In a response to the on-going debate about B2 machines, including persistent concerns about their link to problem gambling, the Government has decided to call for evidence on the potential social impact B2 machines may have. It will be seeking the views from the gambling industry, problem gambling groups and others on how a change to the level of stake and/or prize for B2 machines would have an effect socially, in terms of gambling related harm, or economically, such as the impact on high street betting shops, investment and employment. The Government has today responded to the Culture, Media and Sport Select Committee’s report into Gambling and rejected their recommendation to ease current restrictions on B2 gaming machines.
The three month consultation, entitled Gambling Act 2005: Triennial Review of Gaming Machines Stake and Prize Limits is also inviting the gambling industry, charities as well as faith and community groups for their input on the value of stakes and prizes on a range of gaming machines. The review will apply to those gaming machines classified as category B, C and D and found in venues such as betting shops, casinos, arcades and pubs.
Minister for Sport and Tourism, Hugh Robertson said: “The Government’s response balances the need to acknowledge gambling’s contribution to the economy with an explicit recognition of the need to protect players, particularly at the higher end stakes. We recognise the current concerns about the impact of such machines, are undertaking an evidence based review and will take action if necessary.”
The consultation sets out four possible options to consider including a preferred option from the Government. This proposal includes B2 machines stake and prizes remaining the same until more robust evidence is gathered, the casino industry trialling consumer protection measures, such as the use of tracking technology to monitor patterns of play and a proposal to make slight increases to the maximum prizes for category C and D machines that is expected to deliver economic benefits to bingo halls, and seaside amusement arcades and pubs.

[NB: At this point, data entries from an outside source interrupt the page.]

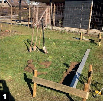 Når ringmuren og sokkelen er tørr, graver vi et ekstra dypt hull i orangeriets ene hjørne. Det skal fungere som et naturlig kjøleskap. Kanten av kjøleskapet mures senere.
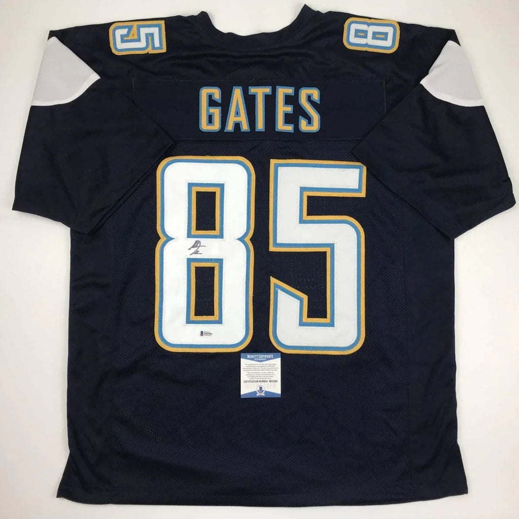 Autographed/Signed Antonio Gates Los Angeles LA Dark Blue Football Jersey Beckett BAS COA
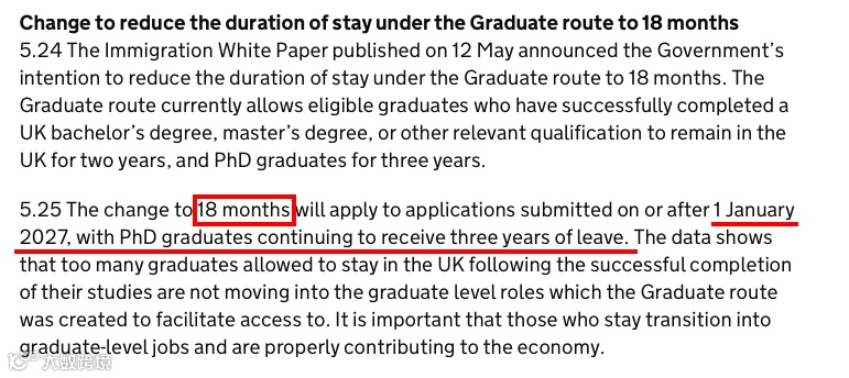 2027年1月1日或之后提交的英国本科、硕士学位或其他相关资格的海外留学生毕业生签证时效由2年缩短至18个月,博士毕业生仍为3年。

The other options to be considered include one to do nothing, so the current stake and prizes remain the same, one proposal that would see an increase to the monetary levels to cover inflation from 2007, when the Gambling Act came into force and a package that has been put forward by the gambling industry. Subject to the outcome of the consultation the Department for Culture, Media and Sport will develop and agree final proposals to take forward with the Gambling Commission, the body responsible for regulating the industry in Great Britain, with any changes to the stake and prizes covering category B, C and D gaming machines expected to be implemented towards the end of 2013, subject to Parliamentary approval.

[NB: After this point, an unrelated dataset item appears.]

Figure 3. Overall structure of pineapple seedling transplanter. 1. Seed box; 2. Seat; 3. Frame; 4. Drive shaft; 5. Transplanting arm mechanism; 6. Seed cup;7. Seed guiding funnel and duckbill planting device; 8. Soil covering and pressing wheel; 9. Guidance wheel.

Aside from rejecting the recommendations by the Committee to ease restrictions on B2 gaming machines, the Government response recognises the importance of gambling as a legitimate part of the leisure industry and the contribution it makes to the economy but also acknowledged that for others it can cause serious harm and distress. The Government agrees with the Committee about the importance of getting a better understanding on the relationship between different types of gambling, including machine gaming, and problem gambling. It has welcomed the strategic priorities set out last November by the Responsible Gambling Strategy Board and the Responsible Gambling Trust to commission independent research on gaming machines that will help shape future policy.
The response also highlighted the Government’s commitment to ensuring customers are protected by consistent regulation of the online market. A draft Bill to ensure greater protection measures for British based users of remote gambling services, including online bingo, casino websites and telephone betting was published last month and is before the Culture Select Committee for scrutiny.
Notes to Editors
The consultation document, Gambling Act 2005: Triennial Review of Gaming Machines Stake and Prize Limits is available here.
The Government’s response to the Culture, Media and Sports Select Committee’s report into Gambling is available here.
The Gambling Commission was set up under the Gambling Act 2005 to regulate commercial gambling in Great Britain.